Jason Raymond arrived at Boston University to study engineering acoustics, thinking he’d maybe have a career in designing loudspeakers.

Amar Bose, acoustics engineering genius and founder of Bose Corp., was across the river at Massachusetts Institute of Technology, after all. Maybe he could attend a lecture or take a course with him.

Instead, Raymond made waves in a different way. He landed in a Harvard Medical School lab led by a pioneer developing focused ultrasound for use in medical treatments — pinpointing soundwaves to perform noninvasive surgery, even in the brain, without so much as touching a scalpel.

More than two decades later, Raymond is still focused on ultrasound. He recently joined the Fralin Biomedical Research Institute at VTC as a research assistant professor and manager of its ultrasound facilities.

He will help guide Virginia Tech research teams in advancing the technology to defeat cancer and treat other diseases. 

“Twenty years ago, it seemed like the ideas for clinical applications were pretty well advanced, even if the technology was in its infancy,” Raymond said. “What I didn't understand as a young scientist is that this would open up the door to so many new treatments and impact on hundreds of different indications.”

Focused ultrasound uses the same soundwaves physicians use to examine a baby in the womb. But similar to how a magnifying glass focuses sunlight to a small point, it uses acoustic focusing to concentrate sound waves to a spot as tiny as millimeter across. At high intensities, focused ultrasound can ablate tissue, including in the brain. At low intensities, it can alter the electrical activity in a network of neurons in the brain to potentially change behaviors.

The Fralin Biomedical Research Institute facilities include a high intensity Insightec Exablate Neuro system that can be used for noninvasive neurosurgery, as well as a low-intensity system for research purposes. That technology is paired with a Siemens MAGNETOM Prisma 3T magnetic resonance imaging (MRI) system to visually aim the ultrasound.

Raymond first studied the technology as a postgraduate with Kullervo Hynynen, a pioneer who invented a way to allow ultrasound waves to penetrate the skull and effectively focus on regions deep inside the brain.

Raymond moved on to the National Center for Physical Acoustics at the University of Mississippi, where he worked on a project for the U.S. Army that attempted to use focused ultrasound to coagulate blood and halt bleeding in battlefield conditions.

“We didn’t succeed in deploying this for combat casualty care applications, but we were pushing the envelope, and the U.S. Department of Defense funding really contributed to making advancements in the technological aspects at the time,” he said.

Raymond then returned to doctoral studies at the University of Cincinnati, where he studied how injected microbubble pharmaceuticals can be used in combination with ultrasound to make the bubbles expand and contract to enhance drug delivery in human tissue. That process is now studied as a means of opening the blood brain barrier, which normally serves to protect the brain from toxins, but also inhibits the penetration of drugs that may be beneficial to treating a brain tumor. Focused ultrasound is also being explored as a cancer treatment in which the bubbles in a tumor collapse and destroy it, including in multiple labs at Virginia Tech.

Raymond completed his postdoctoral studies in Europe, at the University of Oxford, where he became a lecturer and senior researcher and helped establish a physical acoustics lab to research the physics of ultrasound, including its biological and chemical effects on tissue.

He was familiar with the Fralin Biomedical Research Institute because of focused ultrasound research taking place at the institute almost a decade ago. Jamie Tyler and a young postdoctoral associate, Wynn Legon, published a paper in Nature Neuroscience that described how focused ultrasound could be used to modify human brain activity that also resulted in changes in behavior. The study leapt ahead of the previous understanding of what ultrasound could do and took years to be accepted.

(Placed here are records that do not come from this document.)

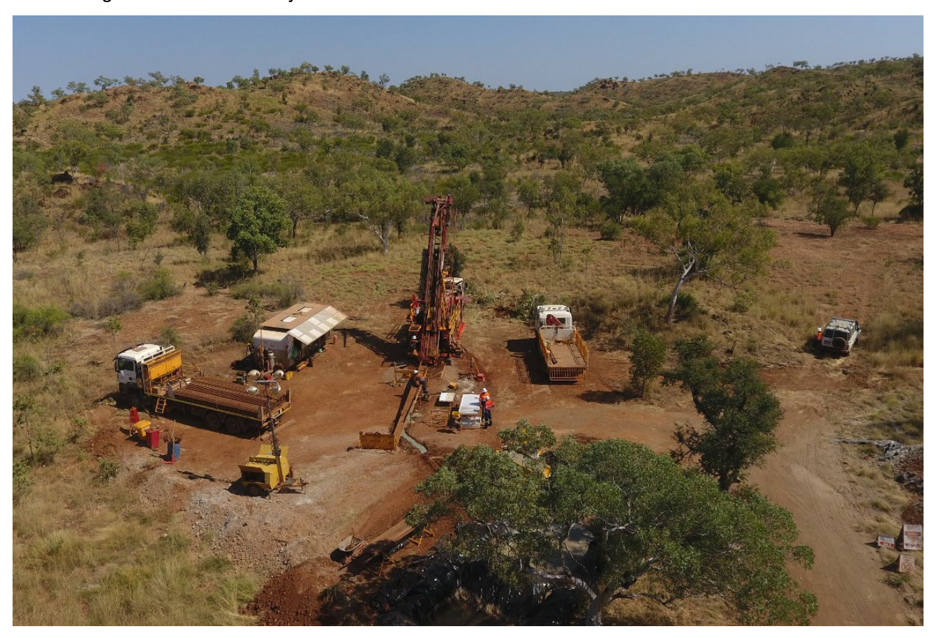
Figure 1: Surface drilling on the Stoney Creek prospect at Savannah Nickel Mine May 2022

A planned DHEM survey of SMD188 was unsuccessful due to hole casing issues. However, subsequent EM soundings and fixed loop electromagnetic (FLEM) surveys completed over the intrusion has identified a strong, discrete anomaly at depth below the intrusion. This anomaly, which has been modelled (Figure 2) as a steep west dipping conductor oriented sub-parallel to the eastern margin of the intrusion, is the current target for the new Stoney Creek drill hole.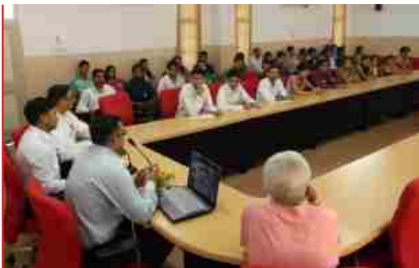
An interactive discussion on blood donation, myths and misconceptions related to blood donation is in progress.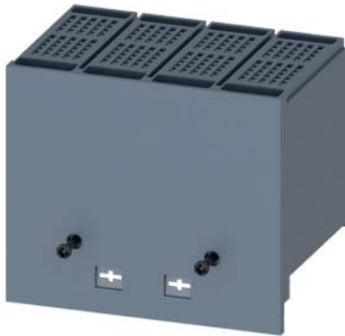
terminal cover long for plug-in and withdrawable socket accessory for: circuit breaker, 4-pole 3VA10/11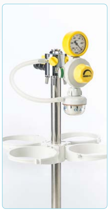
4-places trolley for FLOVAC® container with 4 support rings, ON-OFF taps and side fitting vacuum regulator with safety jar.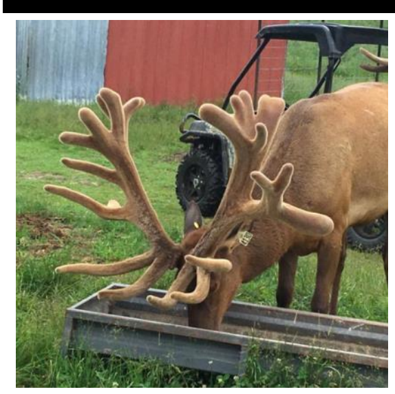
Reg #: A43368

Semen is available in the U.S. for the 2020 season.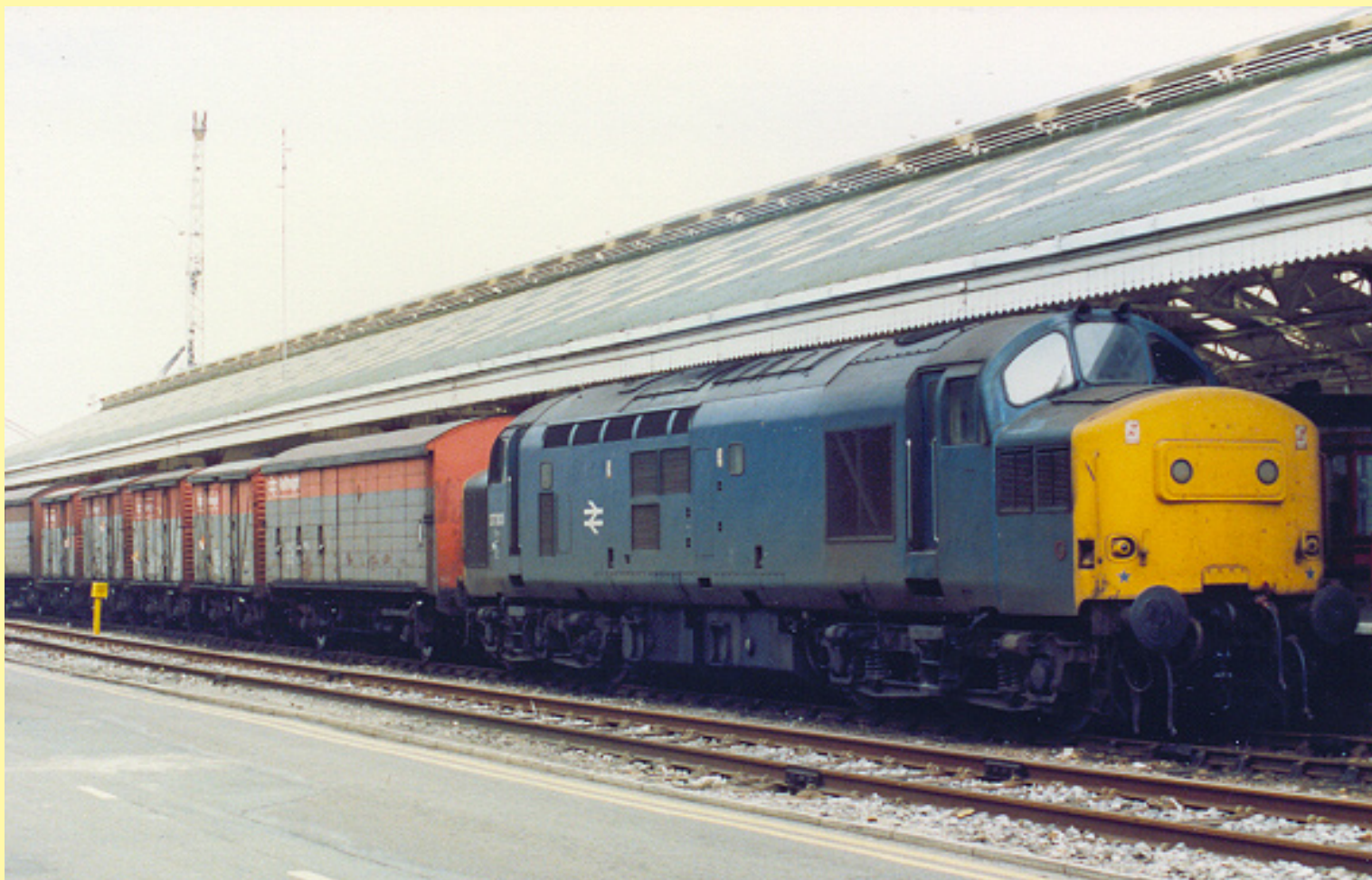
Above: Class 37 303 is seen on arrival at Fishguard with a Speedlink freight in September 1986. Peter Cheshire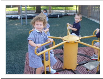
I am developing my gross motor skills and learning to following directions.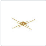
FM18232-BG Brushed Gold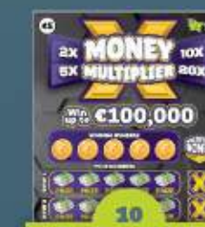
Game 802 Money Multiplier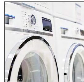
Washers and Dryers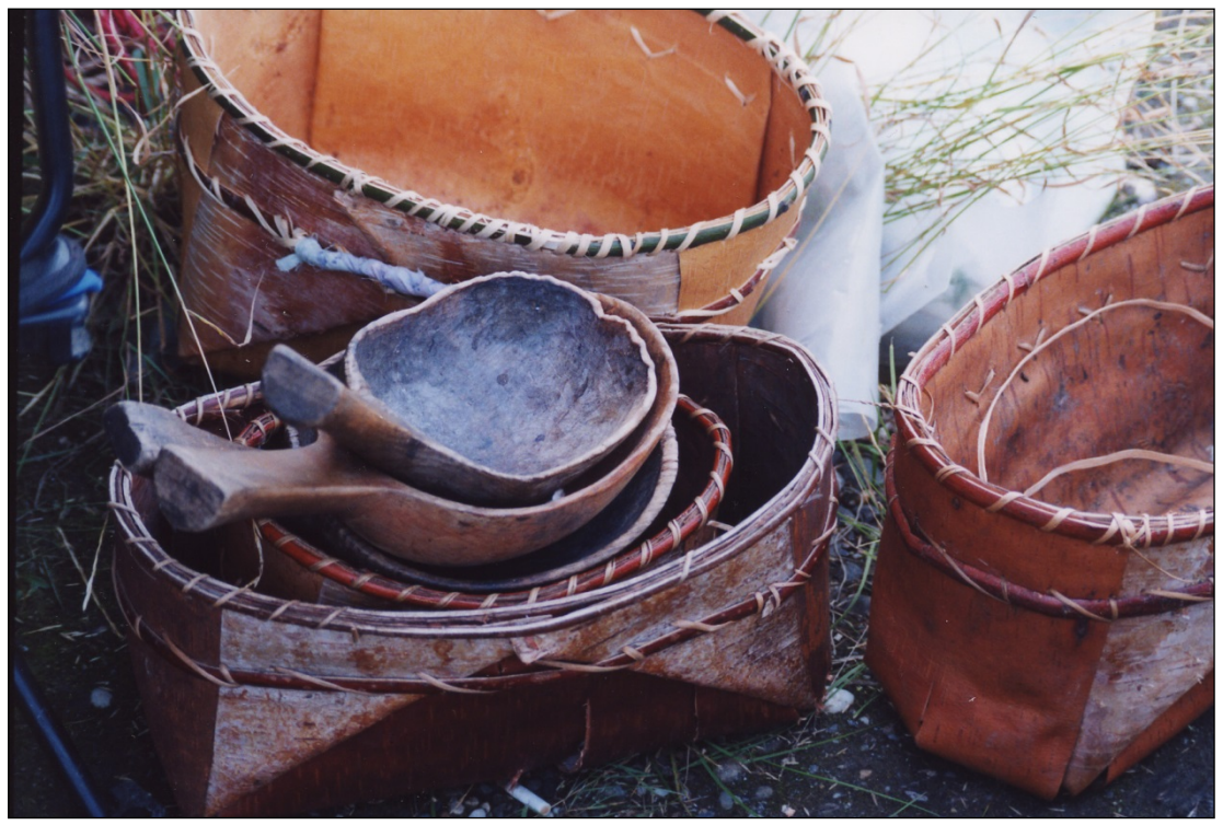
Birch bark baskets are a traditional craft of the Kobuk River region.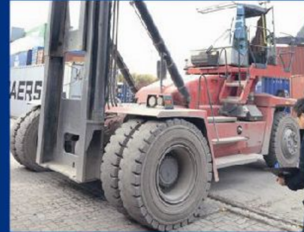
Techking 14.00R24 ETPORTM Kalmar Empty Container Handler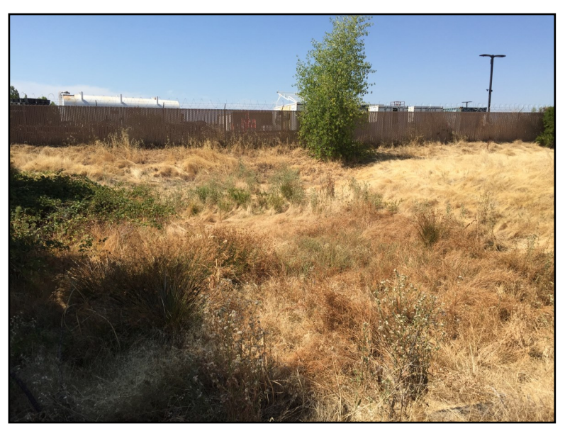
Photo 3. View of detention basin at the southeast corner of the Project Area, facing southwest. Photo taken July 19, 2018.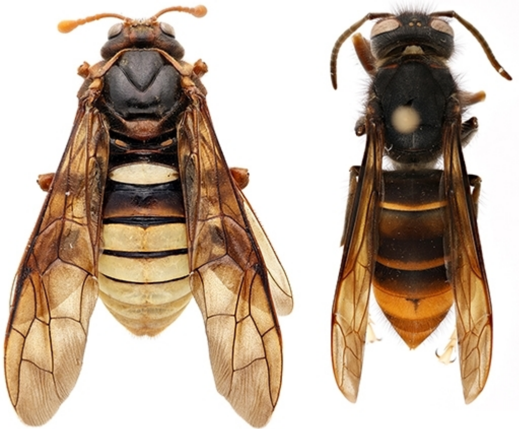
(left) elm sawfly ( Cimbex americana ) | (right) yellow-legged hornet ( Vespa velutina )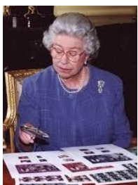
HRH Queen Elizabeth II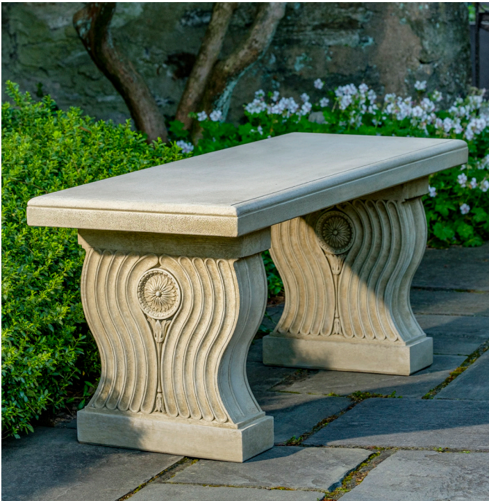
Shown in Verde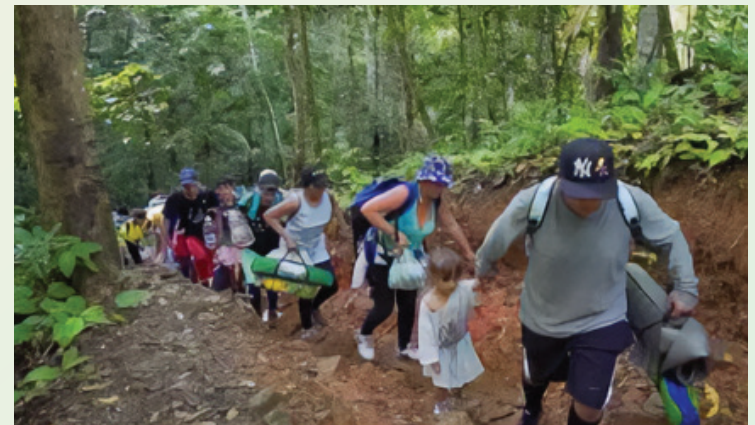
A Venezuelan migrant family climbing a steep hill in the Darién Gap.

As Joseph sought an inn or home for Mary to give birth to Jesus, he was repeatedly turned away with responses of "There is no room, no room." In these days of Advent let us especially reach out to migrants and refugees who also are often greeted with responses of "No room or we don't want you." May we welcome in your name those who have no place else to go. Amen

Tyler went on to found a company and is now at the University of Alabama at Birmingham. Legon is now an assistant professor at the research institute exploring how ultrasound changes brain cell activity and how that can be used treat chronic pain and addiction.

 He’s one of several Virginia Tech researchers working with the technology.

Today, the field that was in its infancy when Raymond joined is still growing, with two international scientific meetings on focused ultrasound with hundreds of attendees, including one hosted by the Focused Ultrasound Foundation, which is headquartered just two hours away in Charlottesville.

“At this point the field is quite big, and Virginia Tech is well known and well respected within it due in part to the breadth of applications being investigated,” Raymond said.

Raymond would also like to see the research institute develop its potential as a treatment center should clinicians become interested in utilizing the technology — while primarily collaborating with researchers across Virginia Tech to advance use of focused ultrasound for a range of indications.

“I don’t think we have hit the peak of excitement for and awareness of focused ultrasound. I want to educate people here and try to open up more and more applications this technology can be used for,” he said. “We have a lot of knowledge here in the groups working in focused ultrasound. I want to try bring all of that together, expand those collaborations, and help us be even better.”